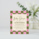 Budget Cute Retro Boho Chequerboard Flower Green Pink Baby Shower Invitation
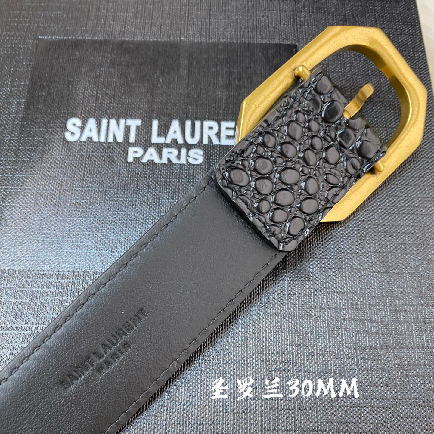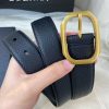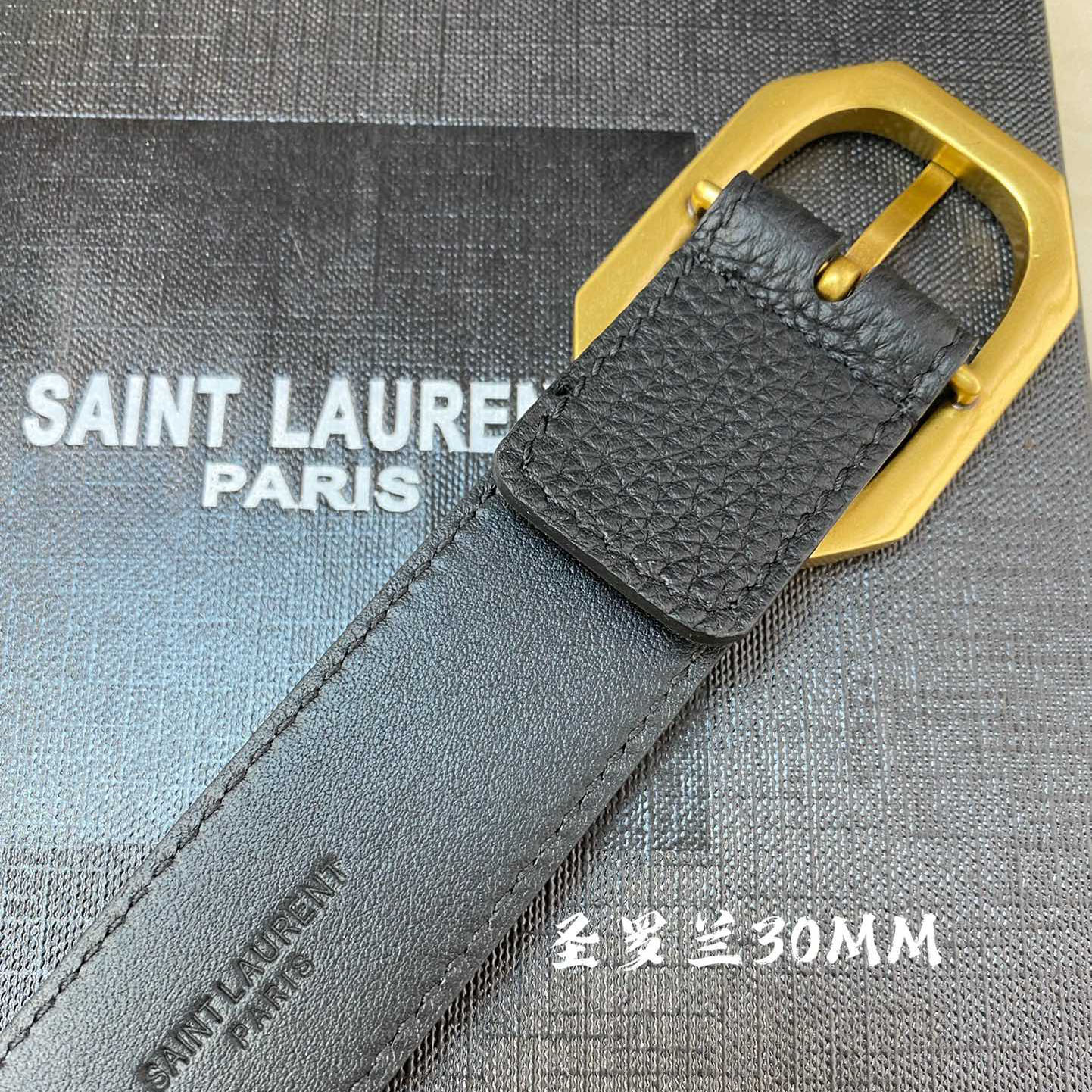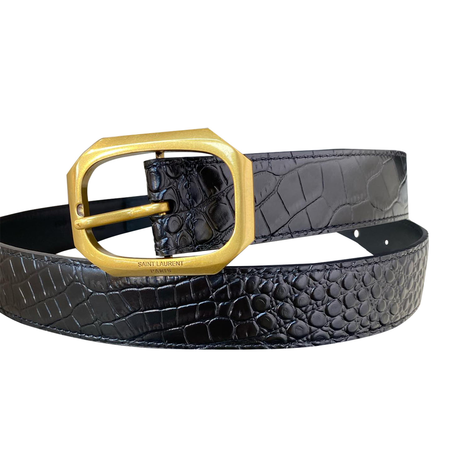 Saint Laurent Frame Buckle Thin Belt In Black Calfskin With Gold Hardware 30mm
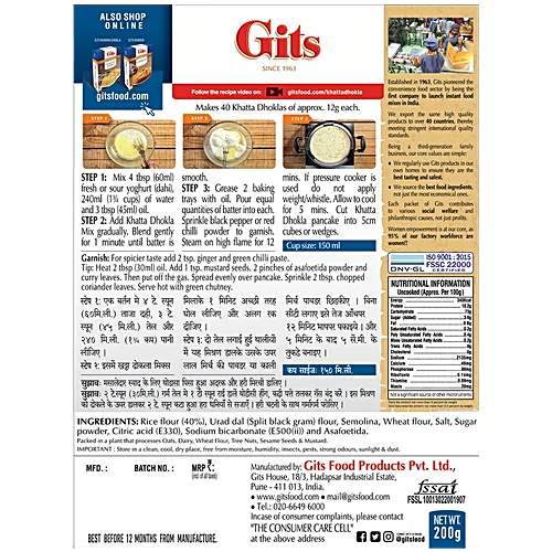 • Mix the GITS Khatta Dhokla Mix with water and oil as per package instructions to form a smooth batter.
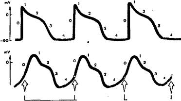 При возбуждении клетки резко изменяется проницаемость ее стенки по отношению к ионам различных типов. Это приводит к изменению ионных потоков через клеточную мембрану и, следовательно, к изменению величины самого ТМПП. Кривая изменения трансмембранного потенциала во время возбуждения получила название трансмембранного потенциала действия (ТМПД). Различают несколько фаз ТМПД миокардинальной клетки (рисунок 1).
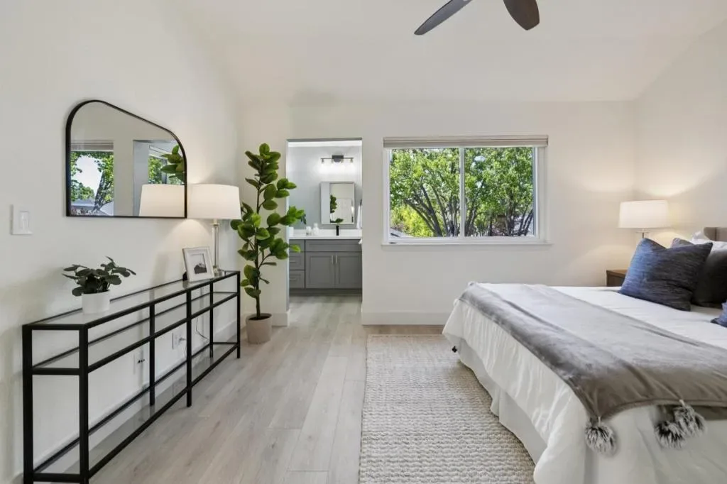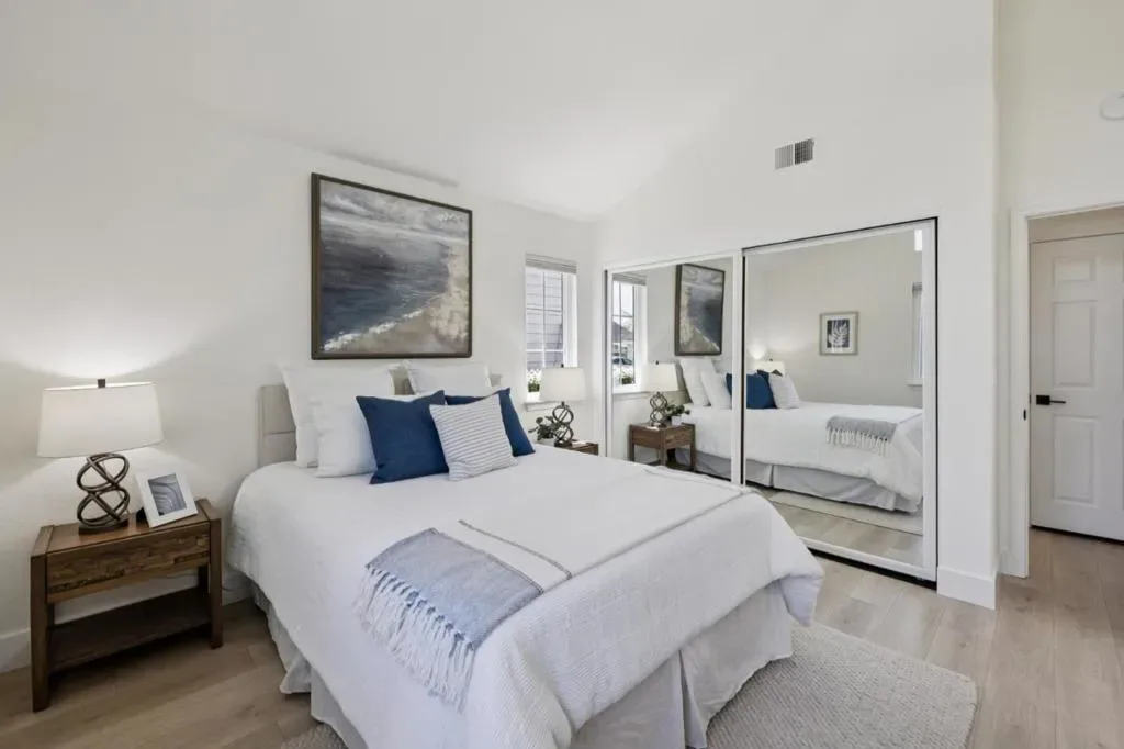 Beautifully refreshed home in the desirable Beacon Shores community. A charming white picket fence welcomes you into a bright, airy interior featuring soaring ceilings, abundant natural light, and a striking fireplace. The open floor plan flows seamlessly from the living area to the dining space with dual sliding doors leading to a fenced patio, ideal for indoor-outdoor living. The updated kitchen boasts quartz countertops, an expansive breakfast bar, ample cabinetry, and new stainless steel appliances as well as a handy desk area. Two spacious primary suites offer comfort and privacy, including an entry-level suite and an upper-level retreat, both with updated ensuite bathrooms. Stylish entry level powder room for guest use. Private landscaped yard. Additional features include luxury plank flooring, central A/C & heating, smart home systems, and attached two-car garage with laundry. Located near parks, lagoons, trails, shopping, dining, Caltrain, and major highways. HOA community pool & spa. This home is ready to move in!! Community Pool & well maintained neighborhood. Open House : Thurs. 4/9 4:30-6:30, Sat 4/11 & Sun 4/12 1:30pm-4:00pm
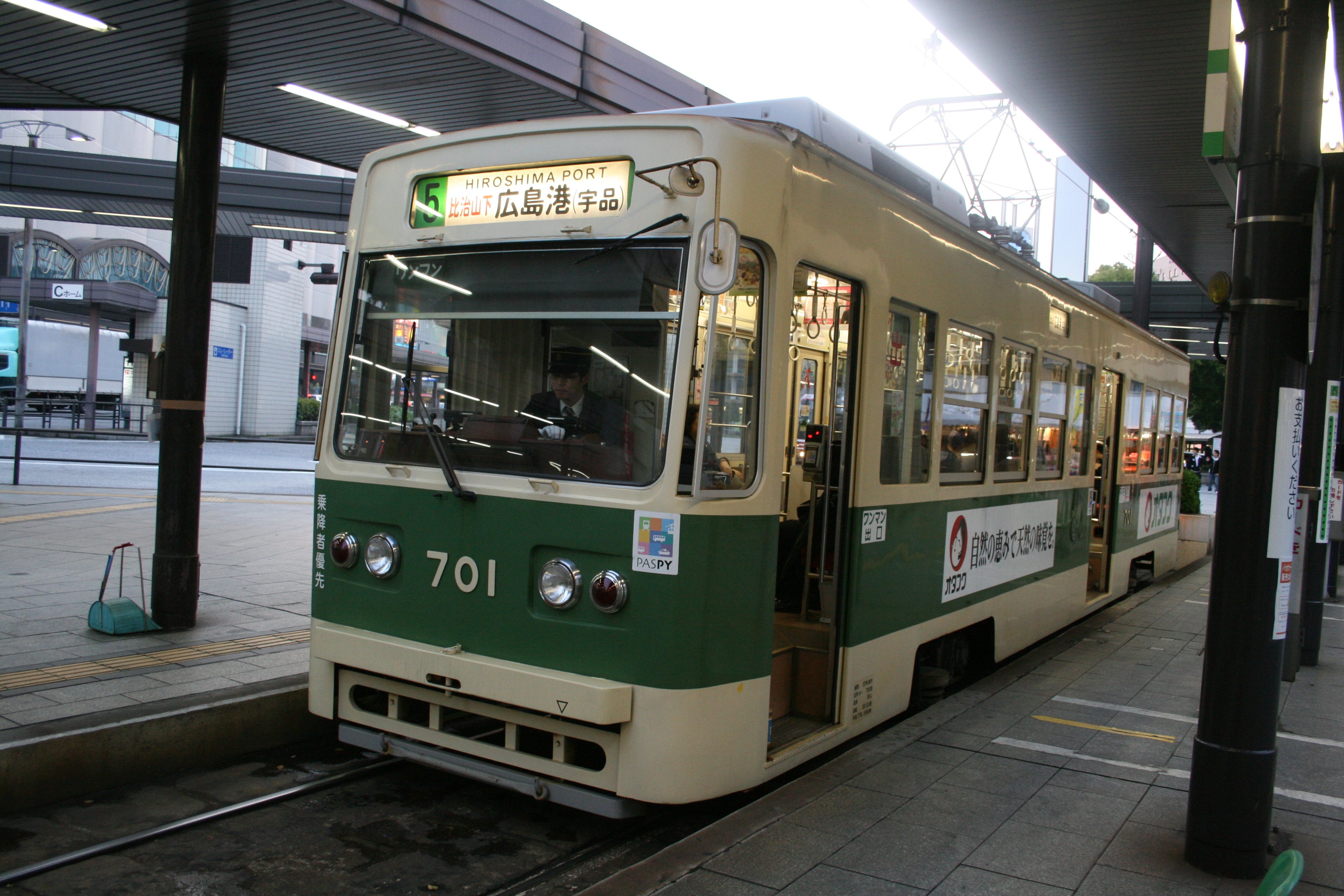 さて、広島港(宇品)行きの電車に乗ります。この系統は1号線と呼ばれています。
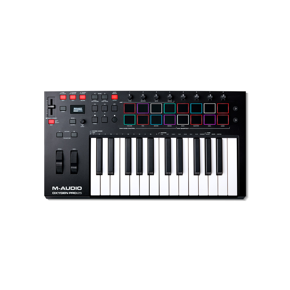 Oxygen Pro 25 是一款功能強大的 25 鍵 USB 供電 MIDI 控制器,可讓您更輕鬆地創作您想要製作的音樂!新的 Oxygen Pro 控制器打開了表達和創造力的世界,讓您的製作理念比以往任何時候都更加無縫。從用戶和藝術家那裡得到反饋,這些控制器是終極的工作室和現場表演工具,讓您可以專注於創作音樂,而不是編寫軟件。無論您想在旅途中還是在工作室創作音樂,M-Audio Oxygen Pro 系列都非常靈活,適合您的工作流程。
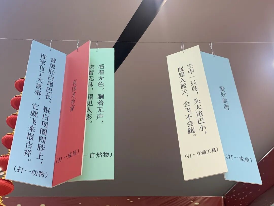 说起咱们的年会,今年可不一般, 听小编好好给大家介绍一下, 除了有节目以外, 今年还有写春联、猜字谜、挂灯笼的环节 瞧,场所里到处都挂着字谜、红灯笼, 一派欢天喜地的节日气息, 过年的氛围感这不一下就出来了嘛~
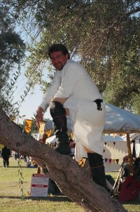 Started in the farthest eastern side of An Tir in the shire of Sigelhundas back in ASXXV . Quickly gained notoriety as a singing morning wake herald spreading terr.....er...joy throughout the kingdom . When elevated to the Pelican in ASXXXVI it was noted that I would perform this duty without thought of personal safety. With this word fame it was put to good use in a number of pie auctions in aid of the An Tir and Avacal travel funds raising over $7000.00 across many years.
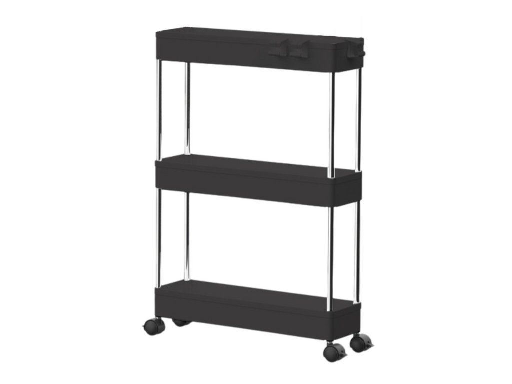 Víceúčelový Mobilní Regál na Kolečkách se 3 Policemi Černý
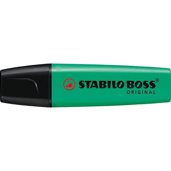 HIGHLIGHTER STABILO BOSS TURQUOISE 70/51. Stabilo Boss original highlighters with water-based pigment ink to ensure long lasting colour fastness. Versatile chisel tip is great for highlighting or underlining. Available in 9 attractive fluorescent colours, individually or in assorted sets. Attractive slim design. With Anti-Dry-Out technology, it can be left for 4 hr without replacing the cap. Chisel point nib allows you to highlight for 2 line widths: 2 mm and 5 mm. High level of comfort when highlighting. Water based ink for paper.
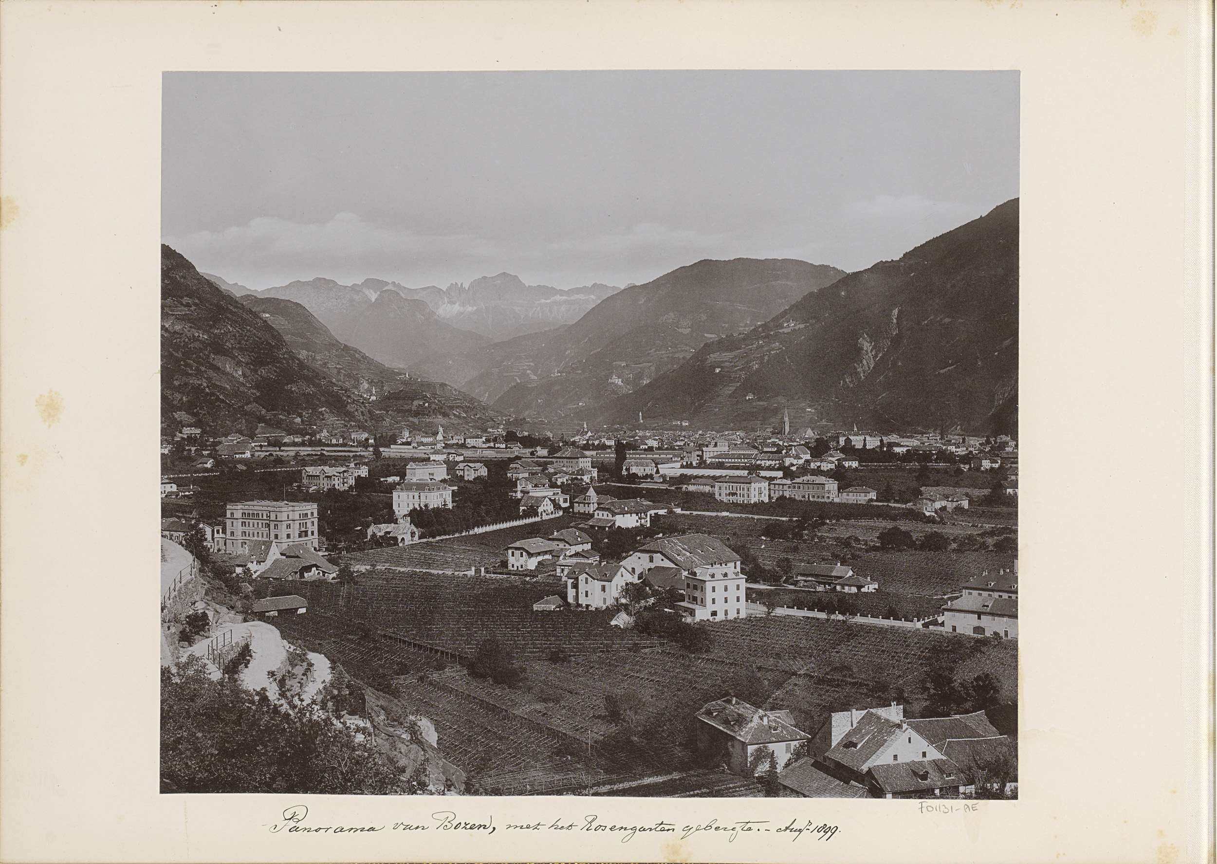 Gezicht op Bolzano en het Rosengartenmassief
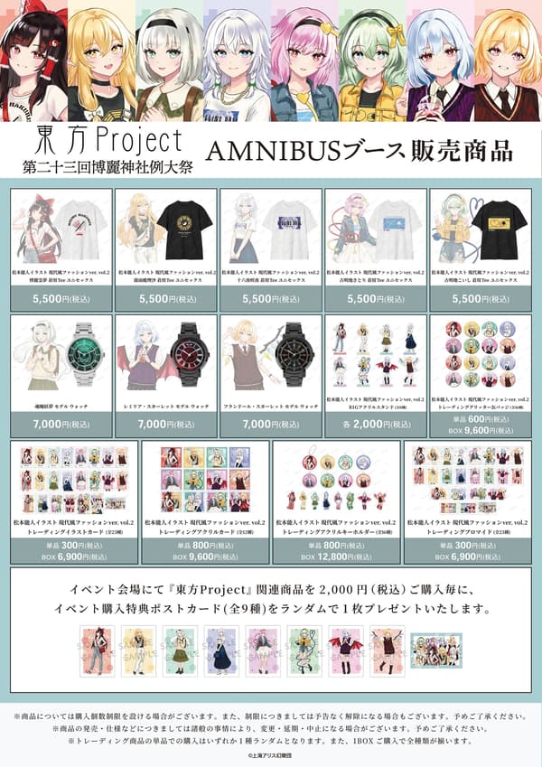 由arma bianca运营的动漫周边品牌AMNIBUS,将在2026年5月4日(星期一,节假日)于东京国际展览中心东展示厅(展位号232)举行的第23届博丽神社例大祭上设立专门展位。
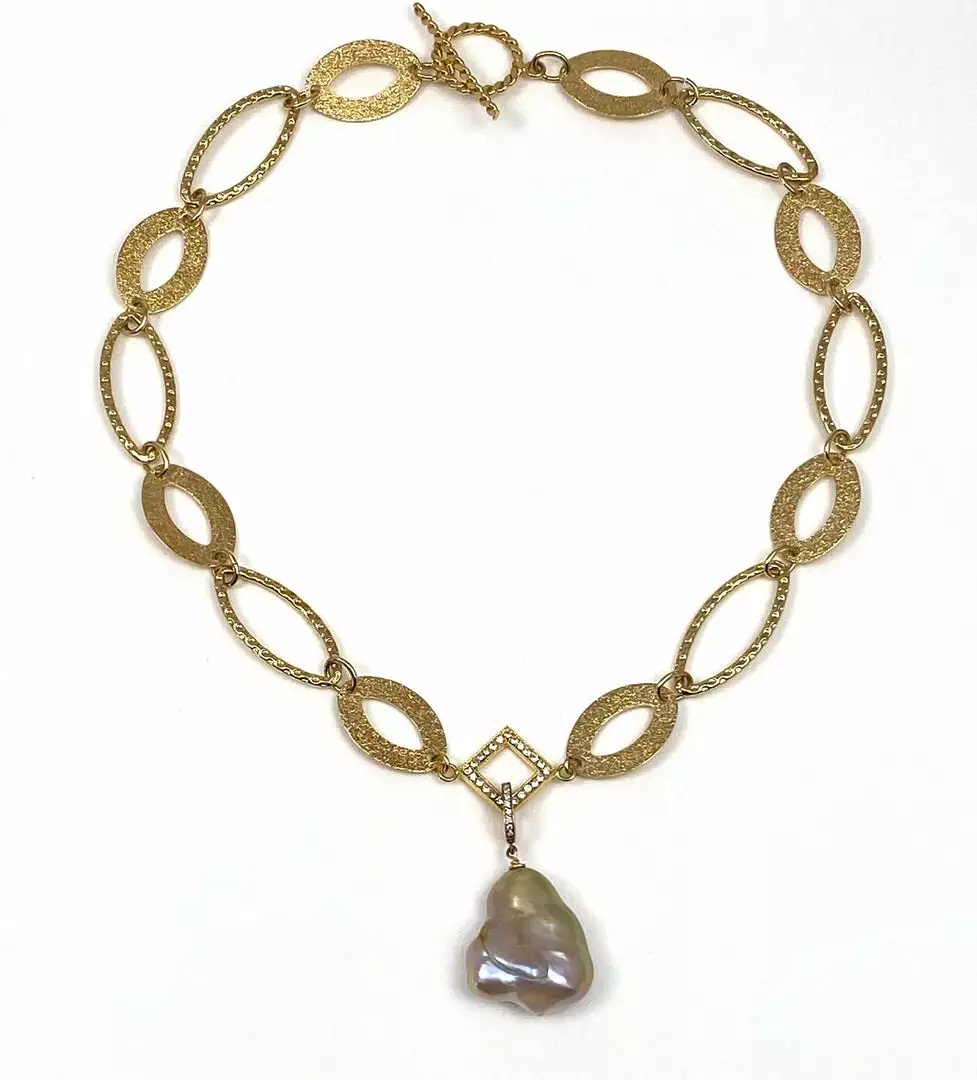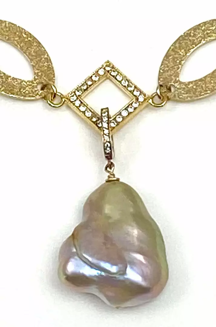 Lovely open links of 14k gold plated chain with a magnificent soufflé baroque pearl centerpiece, highlighted by a 14k gold plated and cubic zirconia component and removable enhancer. Two necklaces in one, a gold necklace and a gorgeous drop that can be worn on other pieces. 16 1/2”
********************
Every entry above should be written out again verbatim, with no pictures included.

 Budget Cute Retro Boho Chequerboard Flower Green Pink Baby Shower Invitation
 Saint Laurent Frame Buckle Thin Belt In Black Calfskin With Gold Hardware 30mm
 • Mix the GITS Khatta Dhokla Mix with water and oil as per package instructions to form a smooth batter.
 При возбуждении клетки резко изменяется проницаемость ее стенки по отношению к ионам различных типов. Это приводит к изменению ионных потоков через клеточную мембрану и, следовательно, к изменению величины самого ТМПП. Кривая изменения трансмембранного потенциала во время возбуждения получила название трансмембранного потенциала действия (ТМПД). Различают несколько фаз ТМПД миокардинальной клетки (рисунок 1).
 Beautifully refreshed home in the desirable Beacon Shores community. A charming white picket fence welcomes you into a bright, airy interior featuring soaring ceilings, abundant natural light, and a striking fireplace. The open floor plan flows seamlessly from the living area to the dining space with dual sliding doors leading to a fenced patio, ideal for indoor-outdoor living. The updated kitchen boasts quartz countertops, an expansive breakfast bar, ample cabinetry, and new stainless steel appliances as well as a handy desk area. Two spacious primary suites offer comfort and privacy, including an entry-level suite and an upper-level retreat, both with updated ensuite bathrooms. Stylish entry level powder room for guest use. Private landscaped yard. Additional features include luxury plank flooring, central A/C & heating, smart home systems, and attached two-car garage with laundry. Located near parks, lagoons, trails, shopping, dining, Caltrain, and major highways. HOA community pool & spa. This home is ready to move in!! Community Pool & well maintained neighborhood. Open House : Thurs. 4/9 4:30-6:30, Sat 4/11 & Sun 4/12 1:30pm-4:00pm
 さて、広島港(宇品)行きの電車に乗ります。この系統は1号線と呼ばれています。
 Oxygen Pro 25 是一款功能強大的 25 鍵 USB 供電 MIDI 控制器,可讓您更輕鬆地創作您想要製作的音樂!新的 Oxygen Pro 控制器打開了表達和創造力的世界,讓您的製作理念比以往任何時候都更加無縫。從用戶和藝術家那裡得到反饋,這些控制器是終極的工作室和現場表演工具,讓您可以專注於創作音樂,而不是編寫軟件。無論您想在旅途中還是在工作室創作音樂,M-Audio Oxygen Pro 系列都非常靈活,適合您的工作流程。
 说起咱们的年会,今年可不一般, 听小编好好给大家介绍一下, 除了有节目以外, 今年还有写春联、猜字谜、挂灯笼的环节 瞧,场所里到处都挂着字谜、红灯笼, 一派欢天喜地的节日气息, 过年的氛围感这不一下就出来了嘛~
 Started in the farthest eastern side of An Tir in the shire of Sigelhundas back in ASXXV . Quickly gained notoriety as a singing morning wake herald spreading terr.....er...joy throughout the kingdom . When elevated to the Pelican in ASXXXVI it was noted that I would perform this duty without thought of personal safety. With this word fame it was put to good use in a number of pie auctions in aid of the An Tir and Avacal travel funds raising over $7000.00 across many years.
 Víceúčelový Mobilní Regál na Kolečkách se 3 Policemi Černý
 HIGHLIGHTER STABILO BOSS TURQUOISE 70/51. Stabilo Boss original highlighters with water-based pigment ink to ensure long lasting colour fastness. Versatile chisel tip is great for highlighting or underlining. Available in 9 attractive fluorescent colours, individually or in assorted sets. Attractive slim design. With Anti-Dry-Out technology, it can be left for 4 hr without replacing the cap. Chisel point nib allows you to highlight for 2 line widths: 2 mm and 5 mm. High level of comfort when highlighting. Water based ink for paper.
 Gezicht op Bolzano en het Rosengartenmassief
 由arma bianca运营的动漫周边品牌AMNIBUS,将在2026年5月4日(星期一,节假日)于东京国际展览中心东展示厅(展位号232)举行的第23届博丽神社例大祭上设立专门展位。
 Lovely open links of 14k gold plated chain with a magnificent soufflé baroque pearl centerpiece, highlighted by a 14k gold plated and cubic zirconia component and removable enhancer. Two necklaces in one, a gold necklace and a gorgeous drop that can be worn on other pieces. 16 1/2”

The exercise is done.